The Privacy Advisor: Your former office's enforcement work against Clearview AI's facial recognition technology is well known. Other countries have begun enforcing against the company as well, yet it appears set on continuing its work. Looking at facial recognition in the broader context, is a federal ban something that needs to be considered or are there alternative ways in the current regulatory environment to uphold individual privacy rights and hold technology providers accountable?

Therrien: I'm not a fan of complete bans, particularly in the public sector for police. I know there are some jurisdictions that have banned the use of FRT for their forces and I don't agree because I do think, if properly used, FRT can be helpful in solving crimes and other problems. But FRT and biometrics generally raise the stakes of privacy risks tremendously for obvious reasons. You can change a password that's been hacked, but you can't change your biometrics with FRT.

This is going to be a problem for a long, long while, so that to me means the level of regulation and scrutiny needs to be heightened. In the technology world there's a consensus that it's best to work with principles-based laws applicable to all sectors and technologies, and I agree with that. With FRT, the risks are elevated to such an extent that I think there needs to be laws specific to FRT that heighten some safeguards. For instance, limiting the use of FRT to define circumstances as opposed to a general principle "company X" has to use whatever technology with consent so long as it is not "inappropriate" under a vague standard. Laws that would limit the ability to define uses and prohibit other uses — Clearview's mass surveillance for instance — would make sense.

Then there's the question of whether the same laws would apply to private and public sector. The context here is very different. With police, misuse can lead to loss of liberty so the stakes are very high and the protections should be extremely high. For the private sector, the stakes look less dramatic, but at the same time if you provide your biometrics to a company and it is breached and your identity becomes fair game to all kinds of bad players then the stakes are pretty high there too.

The Privacy Advisor: What's the best way to approach quickly regulating on children's privacy to curb the fast-emerging issues that revealed themselves with kids' increased online presences since the start of the COVID-19 pandemic?

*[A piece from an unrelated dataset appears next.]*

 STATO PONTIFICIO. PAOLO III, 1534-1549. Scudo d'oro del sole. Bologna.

Therrien: On this issue, as with many others, you start with high-level principles such as the conventional rights of the child. So when dealing with the data of children, it should be from the perspective of what is in the best interest of the child. That seems really plain and simple, but you have to start at that high level and then look to something like the U.K. Age Appropriate Design Code, which goes into a bit more detail. For individual sectors, you go even further in the weeds as far as company practices and how the principles on the child's interest apply. It's a tough business. Things move all the time, but it's about having a combination of the right principles, working through details, having conversations, and ultimately having codes or decisions by regulators on what general principles should mean on the ground.

The Privacy Advisor: Do you have any regrets about your time as commissioner? Anything you would’ve done differently, tried to get ahead of or advocated harder for?

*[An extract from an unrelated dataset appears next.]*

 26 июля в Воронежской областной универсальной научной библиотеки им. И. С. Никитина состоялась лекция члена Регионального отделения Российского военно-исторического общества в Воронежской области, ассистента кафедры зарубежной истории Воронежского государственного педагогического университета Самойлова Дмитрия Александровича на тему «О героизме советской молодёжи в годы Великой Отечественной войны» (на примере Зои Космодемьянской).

Therrien: Obviously, I would've like to see our proposals debated in Canadian Parliament so that we have modernized laws. Even if the proposal we submitted was met halfway I would've been happy. But we need to make progress. It's not right that we have this 20-year-old law and then see problems, not theoretical risks but real harms to real people, that are not properly addressed. But that's not really under my control.

I'm proud of the fact that we have identified issues, not because we wanted to find problems but because we were honestly looking to understand privacy in relation to various practices, the economy, et cetera. We were able to help raise the level of awareness among Canadians as to the importance of privacy. It does truly affect people and the population has an understanding due to a number of factors, but we did contribute to this and that has to eventually lead politicians to act and reassure people.